- _What you should do_:
Give every line of the data again, unchanged, but with no pictures.

- _Given data_:
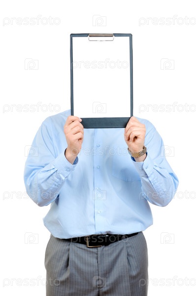 Бизнесмен держит клипборд, изолированный на белом фоне
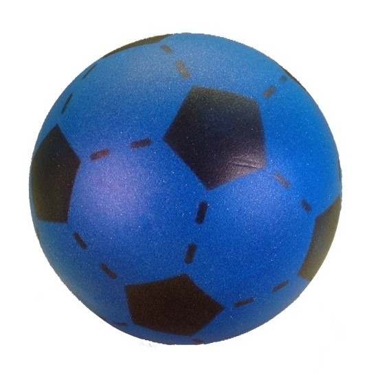 2x grote foam soft voetbal in de kleur blauw. Grote softbal met voetbal print. Deze zachte speelgoed bal heeft een doorsnee van ongeveer 20 cm en is gemaakt van schuimrubber. Buiten en binnen speelgoed voor kinderen.
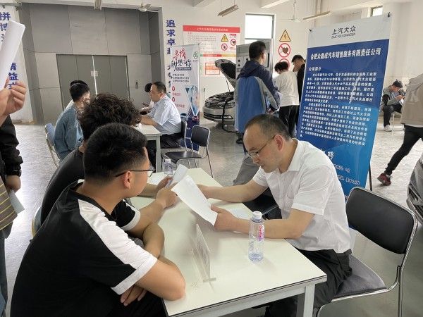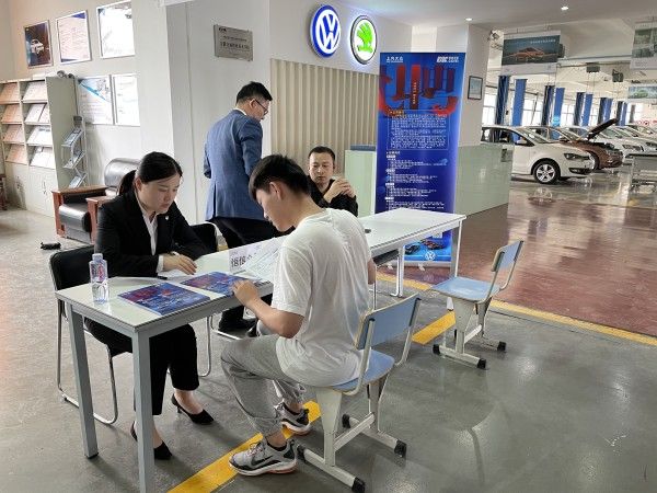 下午2點招聘會正式開始,19級大眾定向班共計75名同學躍躍欲試,現場氣氛熱烈,有意向學生駐足企業招聘席位前,與企業代表進行了深入的交流。經過經銷商的初輪面試,最終有41名同學與用人單位達成初步的實習錄用意向。招聘會后,學院將根據招聘情況組建“上汽大眾”訂單班。
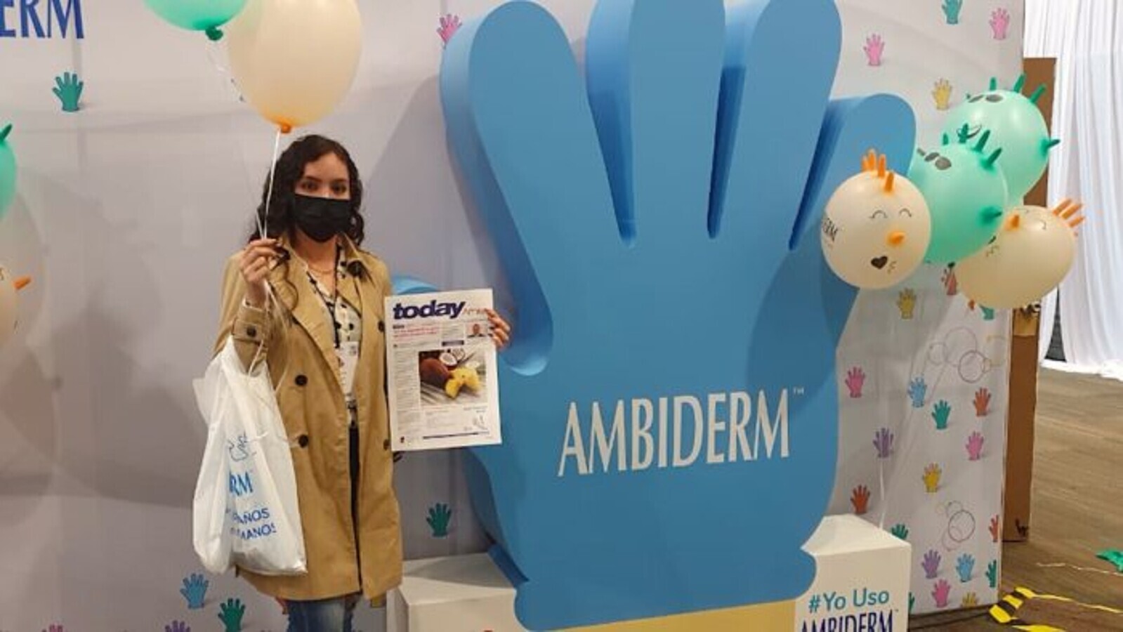 Una joven odontóloga muestra un ejemplar del periódico “today” que Dental Tribune distribuye en la 73 Expo AMIC Dental.

- _Output for this task_:
 Бизнесмен держит клипборд, изолированный на белом фоне
 2x grote foam soft voetbal in de kleur blauw. Grote softbal met voetbal print. Deze zachte speelgoed bal heeft een doorsnee van ongeveer 20 cm en is gemaakt van schuimrubber. Buiten en binnen speelgoed voor kinderen.
 下午2點招聘會正式開始,19級大眾定向班共計75名同學躍躍欲試,現場氣氛熱烈,有意向學生駐足企業招聘席位前,與企業代表進行了深入的交流。經過經銷商的初輪面試,最終有41名同學與用人單位達成初步的實習錄用意向。招聘會后,學院將根據招聘情況組建“上汽大眾”訂單班。
 Una joven odontóloga muestra un ejemplar del periódico “today” que Dental Tribune distribuye en la 73 Expo AMIC Dental.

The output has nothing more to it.